Герлоф замолчал, рассматривая фотографии на стенах. А через некоторое время снова заговорил:

— В семь вечера я поехал на велосипеде в дом семьи Мартенов на севере Боргхольма, но, приехав, застал дома только жену Герхарда всю в слезах. Оказалось, что Герхард Мартен мертв. Подписав контракт на продажу лодки днем раньше, он встал рано утром, пошел на пляж и выстрелил себе в висок из ружья.

— Утром?

— Да. Когда я встретил Герхарда Мартена в гавани, он был уже мертв. Я не могу это объяснить, но я действительно видел его на лодке. Мы даже обменялись рукопожатиями.

— Так вы видели призрака, — медленно произнес Йоаким.

Герлоф внимательно на него посмотрел.

— Может быть. Но это ничего не доказывает. Это не доказывает того, что существует жизнь после смерти.

Йоаким, снова посмотрев на пакет на столе, сказал:

— Я волнуюсь за мою дочь, Ливию. Ей шесть лет, и она разговаривает во сне. С ней и раньше это бывало, но с тех пор, как умерла моя жена, Ливия только о ней и говорит. И дочке снятся сны…

— Что в этом странного?

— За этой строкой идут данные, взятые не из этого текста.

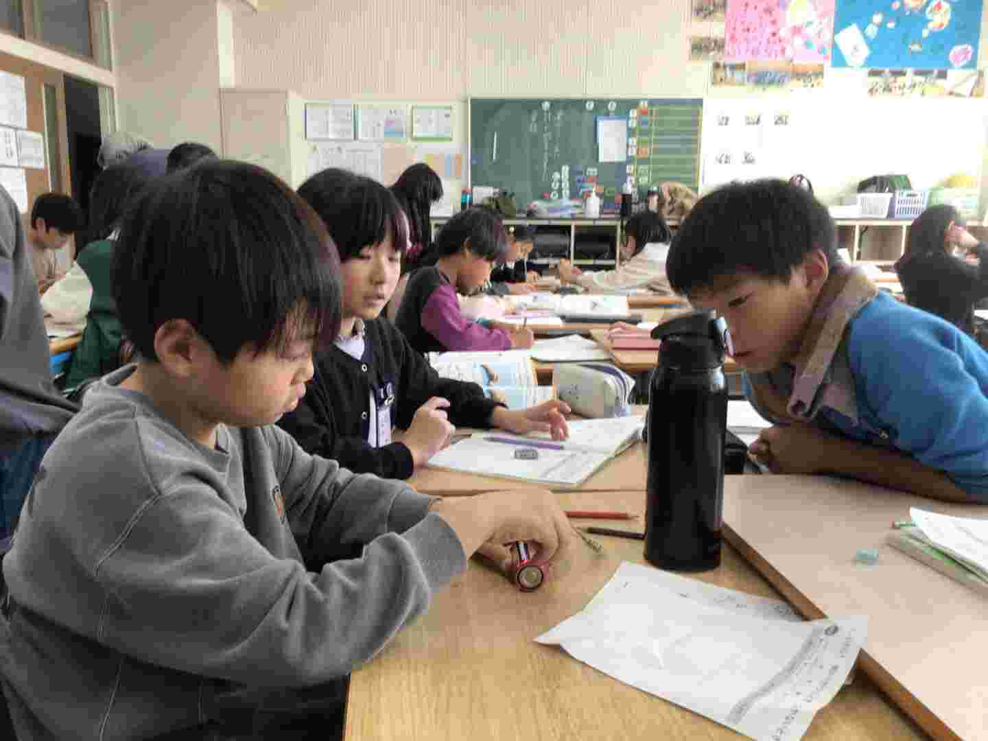 3年生の教室では、豆電球と電池を使って、「電気がつくときとつかないとき」について予想を立て、実験をしていました。電池を反対にしてつなげても電気がつくことが分かりました。

Мне самому часто снится моя покойная жена, хотя она умерла много лет назад.

— Да… Но это все время один и тот же сон. Ливии снится, что мама пришла в Олудден, но не может войти в дом.

Герлоф молча слушал.

— И иногда ей снится Этель, — продолжил Йоаким. — Это волнует меня больше всего.

— Кто это? — спросил Герлоф.

— Этель была моей старшей сестрой. На три года старше меня. — Йоаким вздохнул. — Это моя собственная история с привидением.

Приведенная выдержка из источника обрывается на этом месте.